FDA can promote increased transparency by requiring more and better information on AI-enabled tools in the agency’s public database of approvals. Currently, the details that companies publicly report about their products vary. For example, in an analysis of public summaries for the 10 FDA-cleared AI products for breast imaging, only one provided information about the racial demographics of the data used to validate the product. Requiring developers to publicly report basic demographic information—and where appropriate, data on how the product performed in key subgroups—could help providers and patients select the most appropriate products. This is especially important when treating conditions with disparate impacts on underserved populations, such as breast cancer, a disease more likely to be fatal for Black women.
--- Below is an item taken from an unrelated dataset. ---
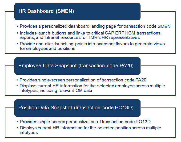 TMR is a long-time SAP customer, implementing SAP ERP HCM back in 1996. While an upgrade from SAP ERP Central Component (ECC) 4.6c to SAP ECC 6.0 in 2014 provided more employee- and manager-self-service (ESS/MSS) capabilities, TMR’s SAP ERP HCM system was focused only on the Personnel Administration (PA), Organizational Management (OM), and Payroll/Time applications. In early 2015, TMR moved forward with an SAP ERP HCM improvement project with the goals of evaluating and revitalizing the current system and services provided to HR professional users and employees alike.

Similar to its requirements for drug labeling, the agency could also require developers to provide more detailed information on product labels so that these tools can be properly evaluated before being purchased by health care facilities or patients. Researchers at Duke University and the Mayo Clinic have suggested an approach akin to a nutrition label that would describe how an AI tool was developed and tested and how it should be used. This would allow end users to better assess products before they are used on patients. The information could also be integrated into an institution’s electronic health record system to help make the data easily available for busy providers at the point of care.

AI can save lives and reduce health care costs, but providers and patients need to know more about these products to use them safely and effectively. FDA should continue its crucial work to increase the transparency of these revolutionary tools.

Liz Richardson directs The Pew Charitable Trusts’ health care products project.